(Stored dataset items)
_____

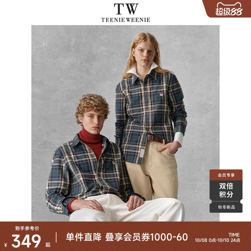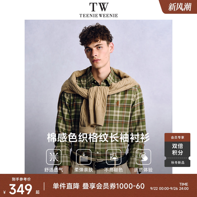 Teenie Weenie小熊男装简约长袖休闲宽松刺绣格纹翻领衬
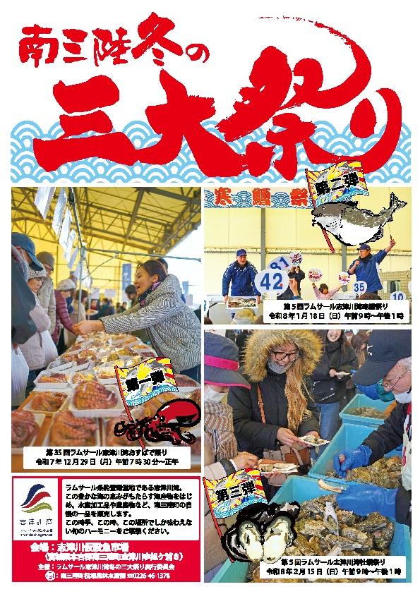 2026年2月15日、志津川仮設魚市場(本吉郡南三陸町志津川字旭ケ浦8)にて「南三陸冬の三大祭り第3弾 第5回ラムサール志津川湾牡蠣祭り」が開催されます。生産者による蒸しガキのふるまいも! 南三陸町は、ラムサール条約登録湿地である志津川湾の、豊かなミネラル分を吸収して育った、クリーミーで濃厚な味わいの「牡蠣」の名産地。ここで獲れる豊かな海の恵み、旬の牡蠣を使った料理を味わえるイベントです。なんと、カキ生産者による蒸しガキの無料配布もあります。無くなり次第終了なので、気になる人はお早めに。 入場無料。開催時間は9時から13時までです。
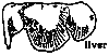 | Diagnostic Features: A large species, deepest at a more posterior point than in other tunas (at, or only slightly anterior to, second dorsal fin rather than near middle of first dorsal fin base). Gillrakers 25 to 31 on first arch. Second dorsal fin clearly lower than first dorsal; pectoral fins remarkably long, usually 30% of fork length or longer in 50 cm or longer fish, reaching well beyond origin of second dorsal fin (usually up to second dorsal finlet). Fish smaller than 50 cm will have proportionately smaller pectorals than other tunas, i.e. T. obesus. Ventral surface of liver striated (vascular network). Swim- bladder present, but poorly developed and not evident in fish smaller than about 50 cm fork length. Vertebrae 18 precaudal plus 21 caudal. Colour: a faint lateral iridescent blue band runs along sides in live fish; first dorsal fin deep yellow, second dorsal and anal fins light yellow, anal finlets dark; posterior margin of caudal fin white. | ![]() liver |
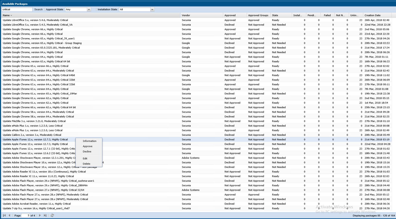 Right-click a package for more options such as Approve, Decline or Delete or double-click a package to display additional status details.
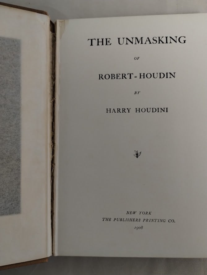 First edition of this work by Houdini regarding his one-time idol. Octavo, original cloth, frontispiece of Houdini, illustrated throughout.
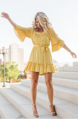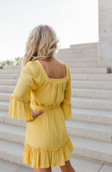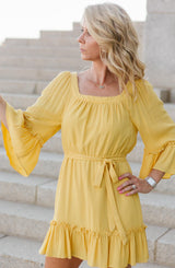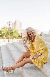 This Gauze & Effect midi dress in lemon drop yellow is perfect for those late summer/early fall days. 3/4 empire sleeves to keep your arms covered, but with a wide square neck and midi length to hang on to those summer temps. Great for work or play, add your favorite heels, sandals, or sneakers to dial it in for the occasion. **FINAL SALE**

_____

**REQUIRED ACTION:** An exact reprint of every record is required, with the pictures omitted.

**EXERCISE ANSWER:**
 Teenie Weenie小熊男装简约长袖休闲宽松刺绣格纹翻领衬
 2026年2月15日、志津川仮設魚市場(本吉郡南三陸町志津川字旭ケ浦8)にて「南三陸冬の三大祭り第3弾 第5回ラムサール志津川湾牡蠣祭り」が開催されます。生産者による蒸しガキのふるまいも! 南三陸町は、ラムサール条約登録湿地である志津川湾の、豊かなミネラル分を吸収して育った、クリーミーで濃厚な味わいの「牡蠣」の名産地。ここで獲れる豊かな海の恵み、旬の牡蠣を使った料理を味わえるイベントです。なんと、カキ生産者による蒸しガキの無料配布もあります。無くなり次第終了なので、気になる人はお早めに。 入場無料。開催時間は9時から13時までです。
 | Diagnostic Features: A large species, deepest at a more posterior point than in other tunas (at, or only slightly anterior to, second dorsal fin rather than near middle of first dorsal fin base). Gillrakers 25 to 31 on first arch. Second dorsal fin clearly lower than first dorsal; pectoral fins remarkably long, usually 30% of fork length or longer in 50 cm or longer fish, reaching well beyond origin of second dorsal fin (usually up to second dorsal finlet). Fish smaller than 50 cm will have proportionately smaller pectorals than other tunas, i.e. T. obesus. Ventral surface of liver striated (vascular network). Swim- bladder present, but poorly developed and not evident in fish smaller than about 50 cm fork length. Vertebrae 18 precaudal plus 21 caudal. Colour: a faint lateral iridescent blue band runs along sides in live fish; first dorsal fin deep yellow, second dorsal and anal fins light yellow, anal finlets dark; posterior margin of caudal fin white. | ![]() liver |
 Right-click a package for more options such as Approve, Decline or Delete or double-click a package to display additional status details.
 First edition of this work by Houdini regarding his one-time idol. Octavo, original cloth, frontispiece of Houdini, illustrated throughout.
 This Gauze & Effect midi dress in lemon drop yellow is perfect for those late summer/early fall days. 3/4 empire sleeves to keep your arms covered, but with a wide square neck and midi length to hang on to those summer temps. Great for work or play, add your favorite heels, sandals, or sneakers to dial it in for the occasion. **FINAL SALE**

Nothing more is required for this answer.